Key Laboratory of Qinghai-Tibetan Plateau Animal Genetic Resource Reservation and Utilization, Sichuan Province and Ministry of Education, Southwest Minzu University, Chengdu, Sichuan, China.
Jilin Agricultural Science and Technology University, Jilin, Jilin, China.
Methods Mol Biol. 2022;2481:199-217. doi: 10.1007/978-1-0716-2237-7_13.

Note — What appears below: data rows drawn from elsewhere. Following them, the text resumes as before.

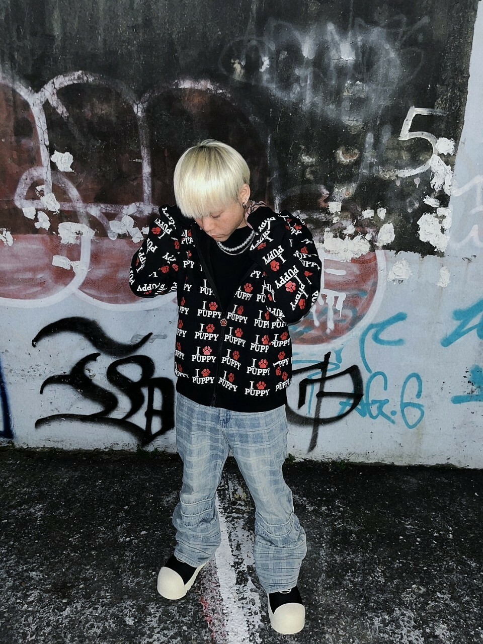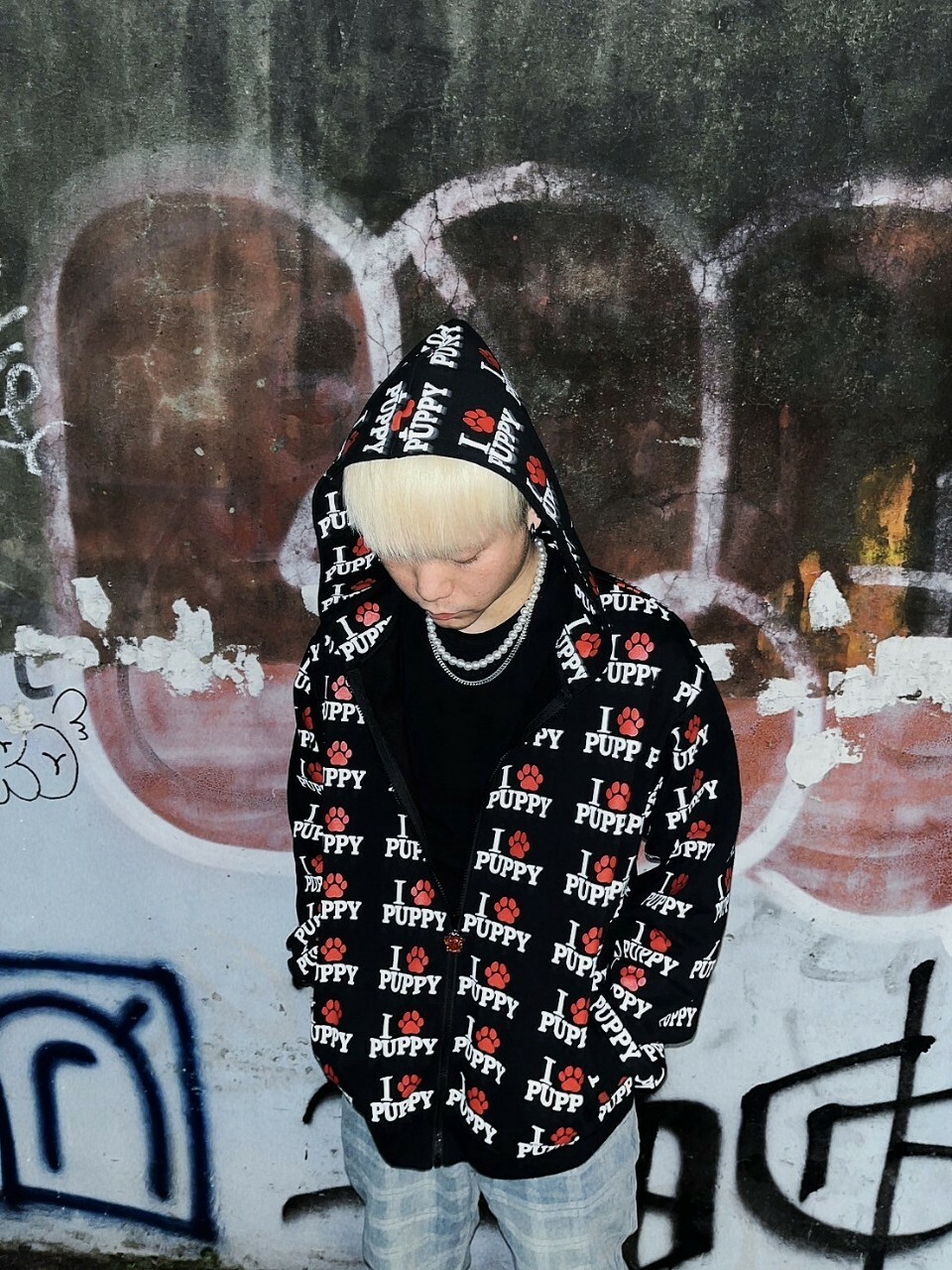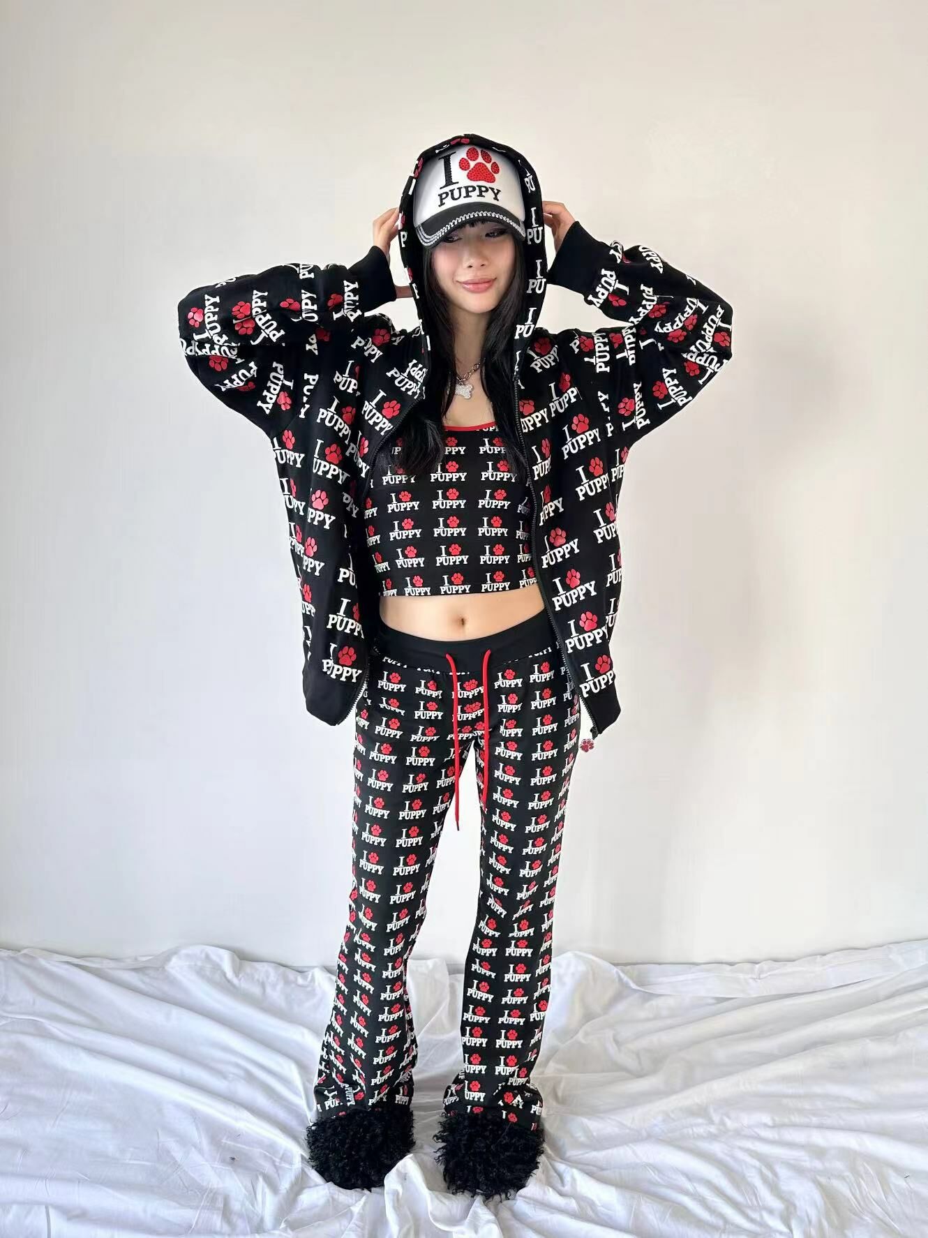 ArtByTastybabe 滿版我愛小狗 重磅 寬鬆連帽外套 黑色
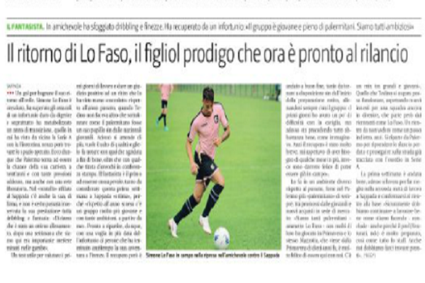 “Un gol per bagnare il suo ritorno all’ovile. Simone Lo Faso è cresciuto, ha superato gli ostacoli e un infortunio duro da digerire, ma soprattutto ha metabolizzato un anno di transizione, quello in cui ha visto da vicino la Serie A con la Fiorentina, senza però trovare lo spazio sperato. Ecco dunque che il Palermo torna ad essere la chance della sua carriera, a vent’anni e con tante pressioni addosso, ma anche con una rete liberatoria. Nel «ventello» rifilato al Sappada c’è anche la sua, di firma, e non è certo passata inosservata la sua prestazione tutta dribbling e fantasia: «Diciamo che è stato un ottimo allenamento, dopo una settimana che siamo qui era importante mettere minuti nelle gambe». […]”. L’edizione odierna del “Giornale di Sicilia” analizza così il momento di Simone Lo Faso, talento rientrante dalla Fiorentina che si candida ad essere uno dei punti fermi della prossima stagione rosanero. Umiltà e testa bassa, è questo ciò che chiede Tedino a Simone Lo Faso. Dopo averlo “coccolato” nel ritiro dello scorso anno, adesso il tecnico friulano vuole maggiore impegno e dedizione da parte del giovane palermitano, consapevole dell’importanza della stagione che lo attende. Il fantasista ne è consapevole e apprezza il lavoro duro del ritiro di Sappada: «Rispetto allo scorso anno c’è un gruppo giovane e con tante ambizioni, a partire da me» – Il grave infortunio al perone è ormai dimenticato, ma qualche difficoltà c’è stata, come ammette il classe ’98: «Nei primi giorni ho accusato qualche problema alla caviglia, ma adesso mi sento molto bene. Pensavo di dover attendere qualche mese prima di ritornare in forma, ma adesso sono felice di essere tornato in campo» – Tanti palermitani in squadra rispetto alle annate precedenti e questo può essere un pregio: «E’ vero, siamo tanti palermitani, con alcuni di loro ho già giocato in Primavera, poi c’è anche Mazzotta che è felice di essere con noi» – Tuttavia, il ritiro non è ancora finito: «E’ necessario continuare a lavorare come stiamo facendo, abbiamo la fortuna di avere uno staff molto preparato che ci segue e noi dobbiamo farci sempre trovare pronti».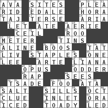 ACROSS 1. Actress Gardner 4. Settings 9. Entreaty 13. To free from 14. Peak District village in England 15. Israeli folk dance 16. _ Mahal 17. Laconic 18. Roberta Peters solo 19. Allow 21. Had dinner 22. Nest on high 24. To provide with a ceiling 26. Friend of Pooh 27. Distance measurement 29. Canisters 30. Place in a line 31. Scornful sounds 33. Make lace 36. 54 in ancient Rome 37. Paper fasteners 40. Single 41. Area sheltered from the wind 42. Johnson of "Laugh-In" 43. Climbing, woody, usually tropical vines 45. Musical composition 47. More peculiar 48. Hit sharply and swiftly 49. Observes 50. Sadhe (variant) 52. Egg _ yung 54. "One Day ___ Time" 56. Table seasoning 57. Beverly of Met fame 59. Sep. follower 61. A slight indication 62. An arm off of a larger body of water 63. Mouth or opening 64. On the rocks 65. Sycophant 66. Directed DOWN 1. Nonscientific branch of learning 2. Small bottle 3. Descriptive word 4. Arrange properly for use 5. Standard of perfection 6. Small pie 7. Otherwise 8. Observe 9. N Egypt peninsula 10. Australian parrot (variant) 11. One of the Great Lakes 12. Auto club (abbr.) 20. Adolescent 22. Get up 23. Period of immesurable duration 25. Angers 27. Promenade 28. Writer Wiesel 29. Lacquered or enameled metalware 31. Long, evenly shaped pieces 32. Choose 33. Inedible or poisonous agaric 34. Queen of England 1702-14 35. Pull into pieces 38. Grayish beige 39. A type of plum 44. The main thing one is thinking about 45. Spoke pompously 46. Groovy apt. 49. Having a sole or soles 50. Baby powder 51. Turn sharply 52. Fine (Spanish) 53. Spanish pot 55. 43,560 square feet 56. _-fi 57. Be seated 58. Filthy place 60. Small amount or degree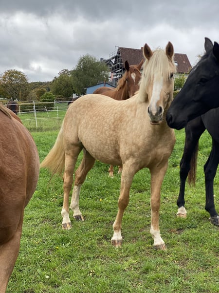 Ich biete eine 3 jährige DRP Stute direkt vom Züchter an. Aktuell ca.1,45m. Anlongiert,kennt Sattel,Trense und reitergewicht bisher im Schritt und kurzer Trab. Sie verfügt über einen sehr guten Schritt,schwungvollen Trab und raumgreifenden Galopp. Ein tolles Pony zum selber weiter ausbilden fürs Viereck. Sie ist eine anhängliche neugierige und artige junge Stute die bisher in allem unkompliziert war. Lieb beim Schmied und Tierarzt. Gute Abstammungen siehe Bilder. Bei Interesse gerne schreiben.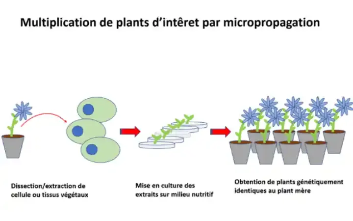 طريقة التكاثر الدقيق: استخراج النسج النباتية ثم زراعتها في وسط مغذّ للحصول على نبتة مطابق وراثيًا للنبتة الأم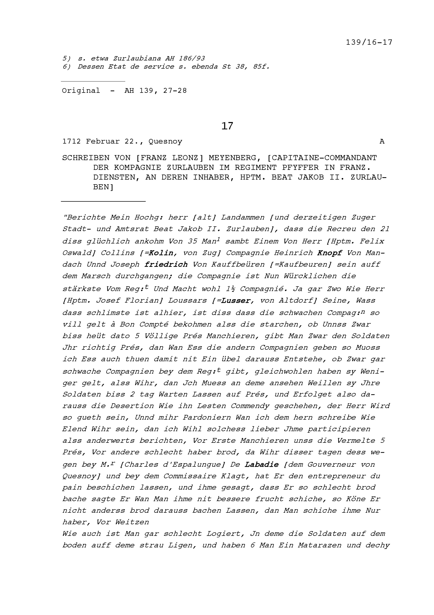 Schreiben von NN Stürler, von Bern oder Solothurn, an Beat Fidel Zurlauben, Gardehauptmann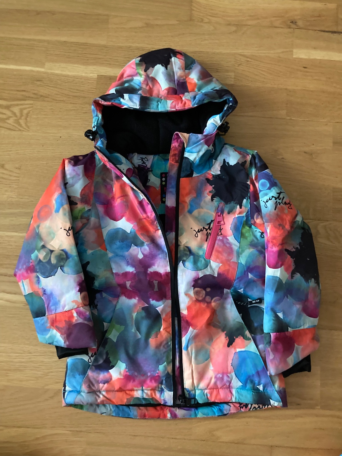 Malo nosena bunda do snehu, bez poskodeni. Vo vnutri ma flisovu mikinu s ktorou je spojena zipsom. Kapucnu je mozne odobrat (zips).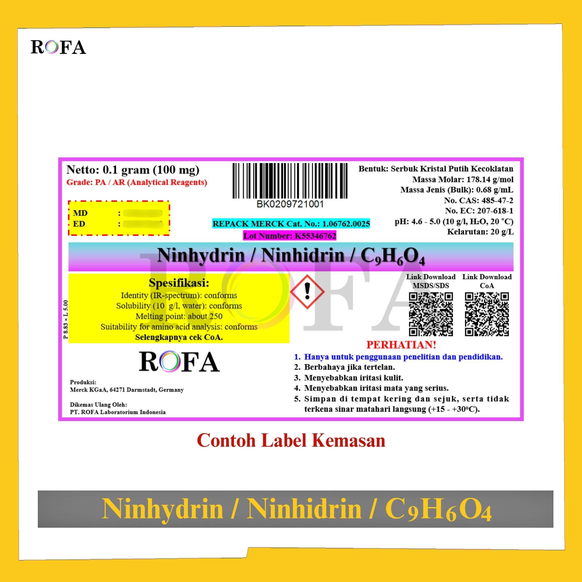 Nama Produk: MERCK Ninhydrin / Ninhidrin / C9H6O4 Pro Analisis 0.1 – 100 Gram Merek / Brand: Merck, Jerman Catalogue Number: 1.06762.0010 atau 1.06762.0100 Status: Repack (Kemas Ulang / Eceran) atau Original Pack (Kemasan Asli)...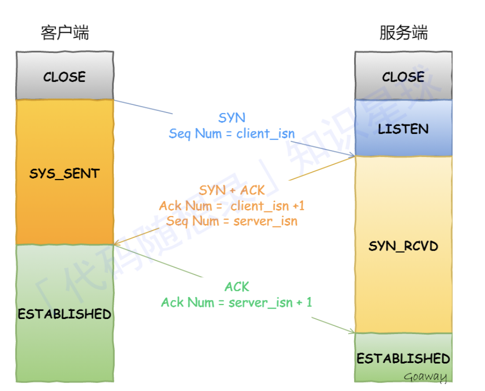 它们都需要向对方发送 SYN 控制消息并携带自己期望的初始化序列号 SEQ,对方在收到 SYN 消息之后会通过 ACK 控制消息以及 SEQ+1 来进行确认。如下图: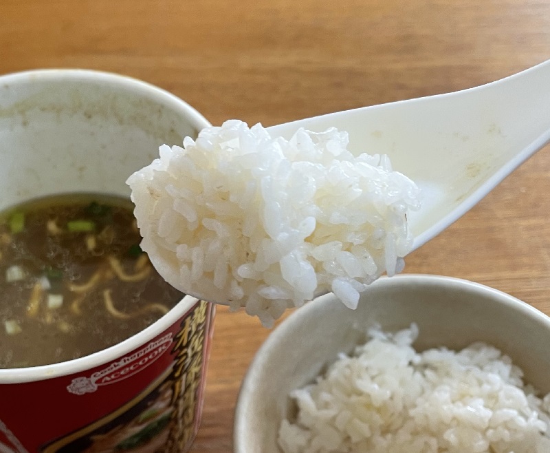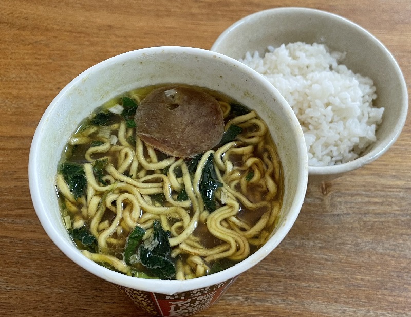 完成です。エースコック【末廣家 横浜豚骨醤油ラーメン】出来ました。お決りの「ライス」を添えて。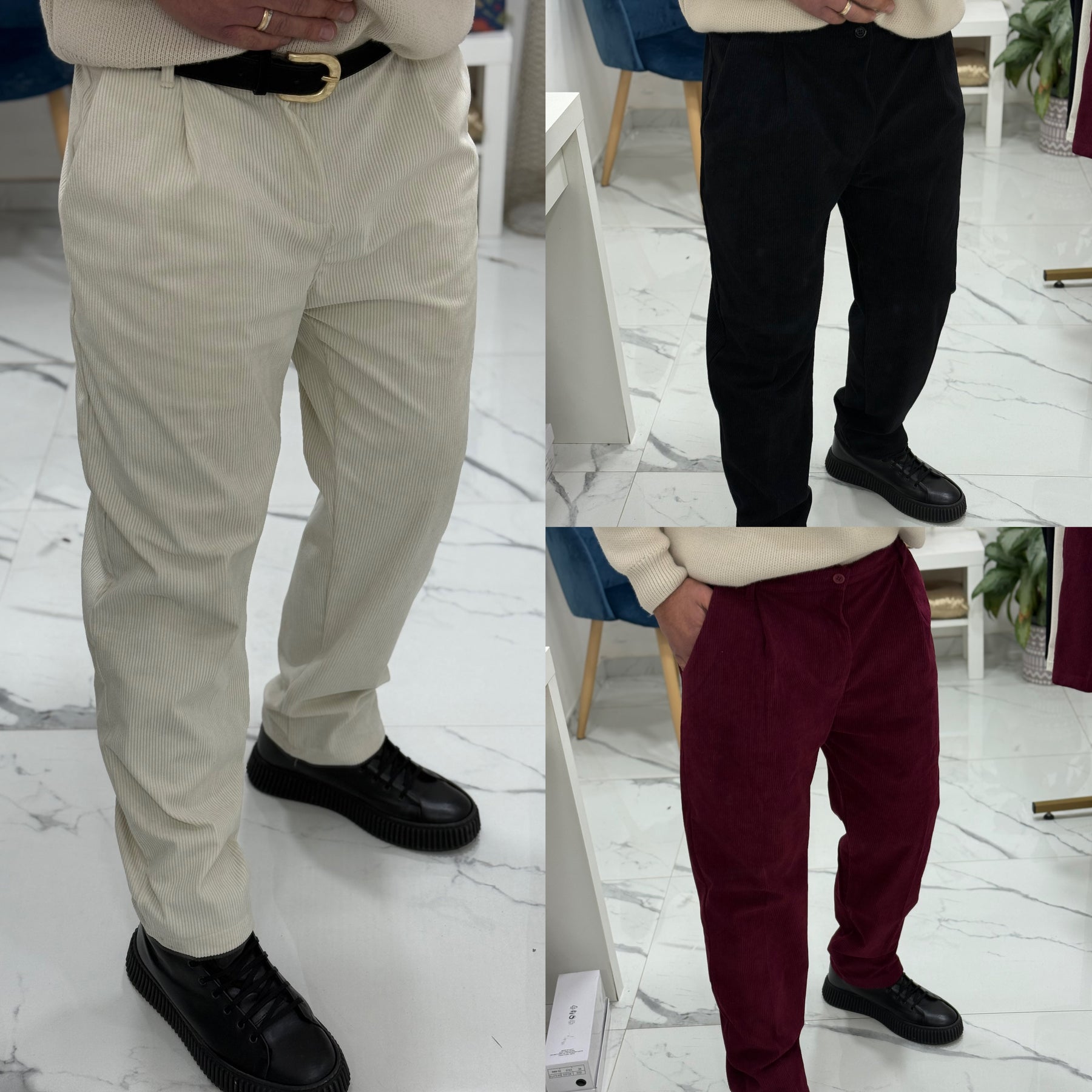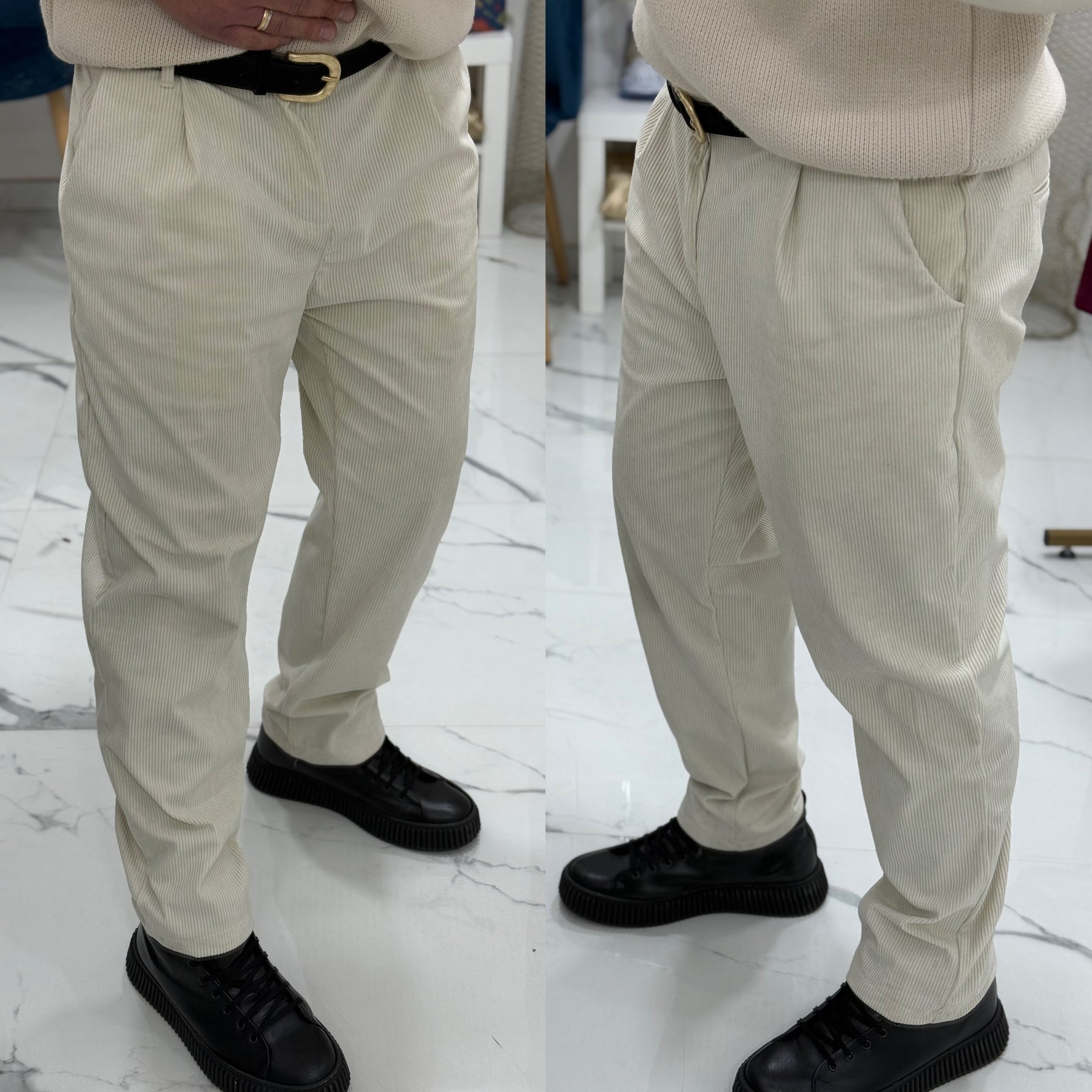 Pantalone baggie in velluto Tokyo il modello indossa 50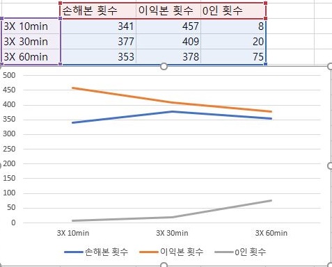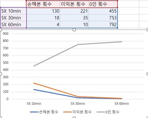 이제 손해를 본 종목의 갯수와 이익을 본 종목의 갯수를 한번 확인해 볼 시간인데, 일단 분봉의 간격이 넓어지면 넓어질 수록, 상황이 더 좋지 않아 진다는 것을 확인할 수 있습니다.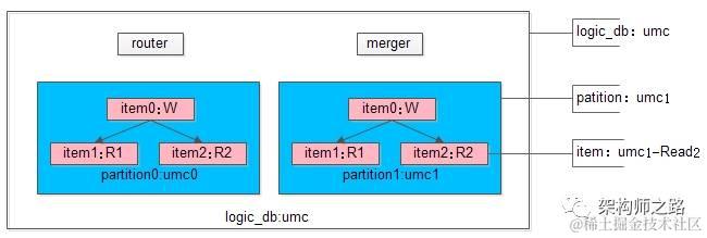 PARTITION:数据库分区,可以理解为分库,例如umc0和umc1,这个对上游是透明的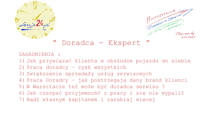 Kurs jest zbiorem wiedzy która jest niezbędna do właściwej obsługi klienta dzięki czemu będą zachowane właściwe standardy obsługi zarówno w Warsztatach jak i Autoryzowanych stacjach obsługi . Dzięki zachowaniu standardu obsługi i sposobów na lepszą komunikację z klientem zwiększysz dzięki temu swoją pozycję jako zaangażowanego pracownika , polepszysz relacje z klientami a przede wszystkim zarobisz więcej dla swojej firmy i Siebie.

Genome-wide association study (GWAS) is based on the linkage disequilibrium (LD) between phenotypes and genetic markers covering the whole genome. Besides the genetic linkage between the genetic markers and the causal mutations, many other factors contribute to the LD, including selection and nonrandom mating formatting population structure. Many methods have been developed with accompany of corresponding software such as multiple loci mixed model (MLMM). There are software packages that implement multiple methods to reduce the learning curve. One of them is the Genomic Association and Prediction Integrated Tool (GAPIT), which implemented eight models including GLM (General Linear Model), Mixed Linear Model (MLM), Compressed MLM, MLMM, SUPER (Settlement of mixed linear models Under Progressively Exclusive Relationship), FarmCPU (Fixed and random model Circulating Probability Unification), and BLINK (Bayesian-information and Linkage-disequilibrium Iteratively Nested Keyway). Besides the availability of multiple models, GAPIT provides comprehensive functions for data quality control, data visualization, and publication-ready quality graphic outputs, such as Manhattan plots in rectangle and circle formats, quantile-quantile (QQ) plots, principal component plots, scatter plot of minor allele frequency against GWAS signals, plots of LD between associated markers and the adjacent markers. GAPIT developers and users established a community through the GAPIT forum ( https://groups.google.com/g/gapit-forum ) with over 600 members for asking questions, making comments, and sharing experiences. In this chapter, we detail the GAPIT functions, input data frame, output files, and example codes for each GWAS model. We also interpret parameters, functional algorithms, and modules of GAPIT implementation.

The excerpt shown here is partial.